自宅に着くと着替える余裕もなくソファーに横になる。ああ、夕飯の準備をしなくちゃ。お風呂を沸かさなくちゃ。いつも日課になっている家事が頭に思い浮かぶものの、やっぱり身体は重いまま。
せめて夕飯だけでもと思い、ご飯を炊いて卵焼きを焼いた。あとは冷蔵庫に残っていたほうれん草のお浸しと、お豆腐をそれぞれ小鉢に盛り付ける。手抜きにもほどがある夕飯なのに、その作業でさえも辛い。ご飯の匂いだけでも気分が悪くなる。
休み休み夕飯の用意を終えて、再びソファーに横になる。少し眠ろう、眠ったら少しでも気分が良くなるかもしれない。
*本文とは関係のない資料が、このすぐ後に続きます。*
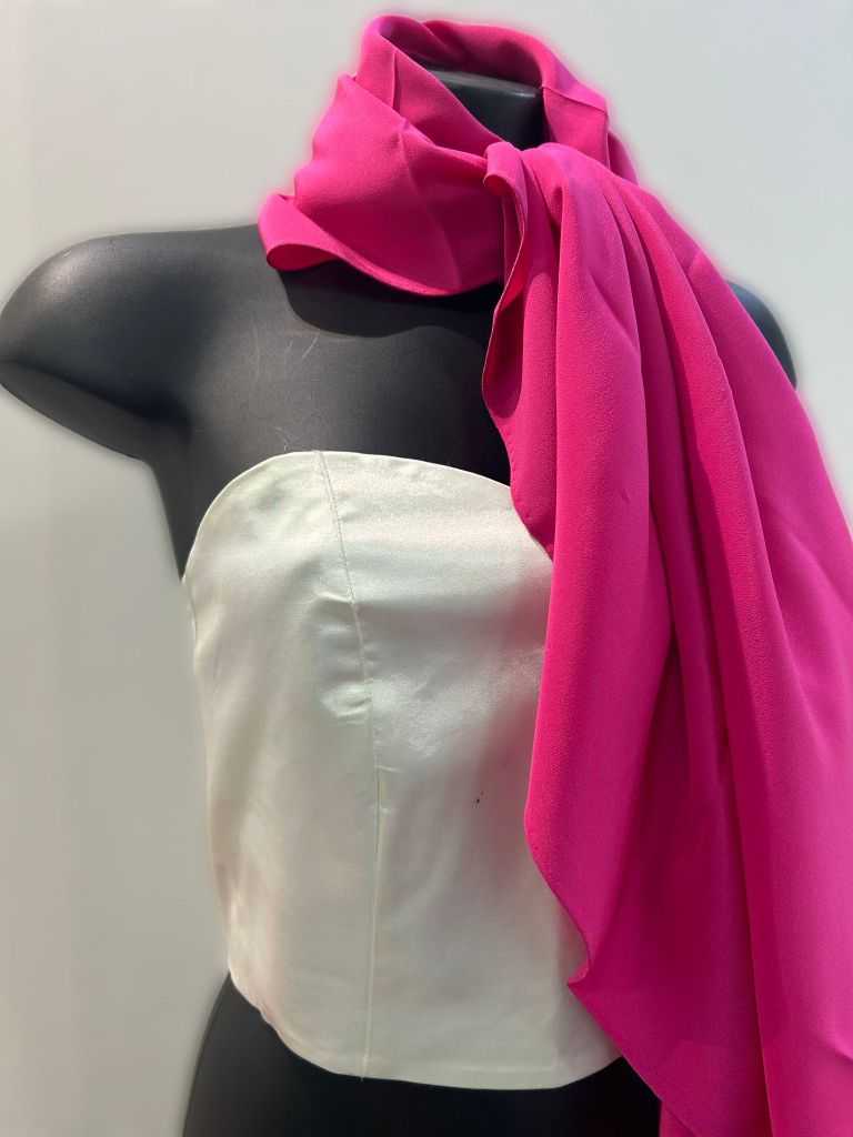 Un foulard di seta da donna di colore fucsia è un accessorio elegante e raffinato, realizzato in tessuto di seta liscia e lucente. Il colore fucsia è vivace e brillante, conferendo un tocco di vivacità a qualsiasi outfit. La seta dona una sensazione di morbidezza al tatto, scivolando delicatamente sulla pelle. Questo foulard può essere indossato in diversi modi: intorno al collo per un look classico o drappeggiato sulle spalle per un effetto sofisticato. Il fucsia lo rende un pezzo versatile, ideale sia per occasioni formali che per dare un tocco di colore a un look quotidiano.

「かな子さん…ただいま帰りました。大王から体調が優れないと聞きましたが」
「鬼灯、さま…?お帰りなさい、報告もせず早退してしまってごめんなさい…それに、夕飯も大したものを作れなくて」
「いえ…夕飯なんて気にせずとも良かったのですよ。顔色、本当に良くありませんね…」
少し眠っていると、鬼灯さまの声で目が覚めた。心配そうな目でこちらを見つめながらそっと頬に大きな手が添えられる。
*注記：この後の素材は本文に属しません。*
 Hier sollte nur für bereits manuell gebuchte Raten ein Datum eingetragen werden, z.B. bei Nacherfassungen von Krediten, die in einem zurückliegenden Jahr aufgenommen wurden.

私がゆっくりと身体を起こすと鬼灯さまは無理をするなと言うように起こすのを手伝ってくれてから隣に腰掛ける。
一度深く息を吸って、吐いて。自分の気持ちを落ち着かせてから彼に向き直るように座り直して見上げる。
「鬼灯さま、私…赤ちゃんができました。」
「……はい?」
「あの、赤ちゃんが…」
「そ、れは……本当ですか?」
最初は緊張したものの、このことを一番に伝えたかった人に伝えるとなると自然に頬が緩み、微笑みながら告げることができた。鬼灯さまは驚いたように目をぱちくりさせている。
「本当ですよ、私と鬼灯さまの…赤ちゃんです」
「…おめでとう、ございます……すみません、気の利いたことが言えなくて…本当に嬉しくて、気が動転してるかもしれません」
彼は少し言葉を詰まらせながら私の身体をそっと引き寄せ優しく抱きしめてくれた。毎日と言っていいほど抱きしめてくれているというのに、この瞬間に温かな涙が頬を伝いその広い背中に両手を回す。
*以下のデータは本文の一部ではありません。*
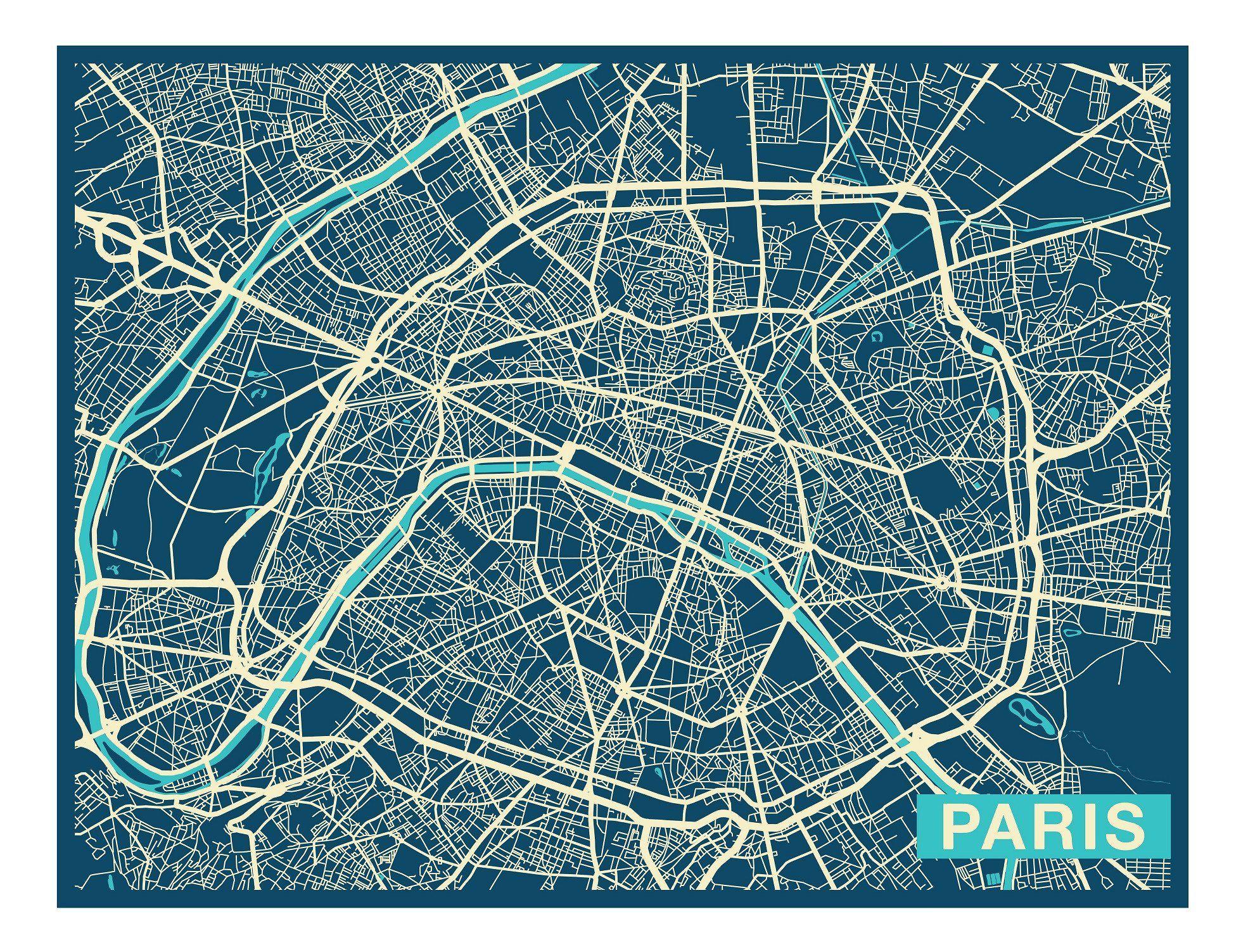 Paris City Art Map - Twilight - Custom Sized Wallpaper Mural (per m2)

「一番にっ…鬼灯さまに伝えたかったんです。これから…頑張りますね…っ」
「ええ、一番に聞けて私は幸せです。ですが…ひとりで頑張りすぎてはいけませんよ。私もなるべく仕事を調整して早く帰れるよう努めます。かな子さん…これまで以上に、私を頼ってください」
「はいっ…約束します。ふたりで、この子を幸せに…」
「もちろんですっ…お腹の子だけでなく、かな子さんのことも…幸せにすると誓います」
「ふふ、二度目のプロポーズ…みたいですね」
ずっとずっと私たち二人が願っていた家族。それはどこの夫婦でも珍しいことではないのかもしれない。
けれど、親の顔すら知らずにこれまで生きていた鬼灯さまは私以上に望んでいたことなのかもしれない。「あなたには家族がいるんですね、少し羨ましいです」と鬼灯さまが一度だけ幼い頃の私に話したことは今でも鮮明に覚えている。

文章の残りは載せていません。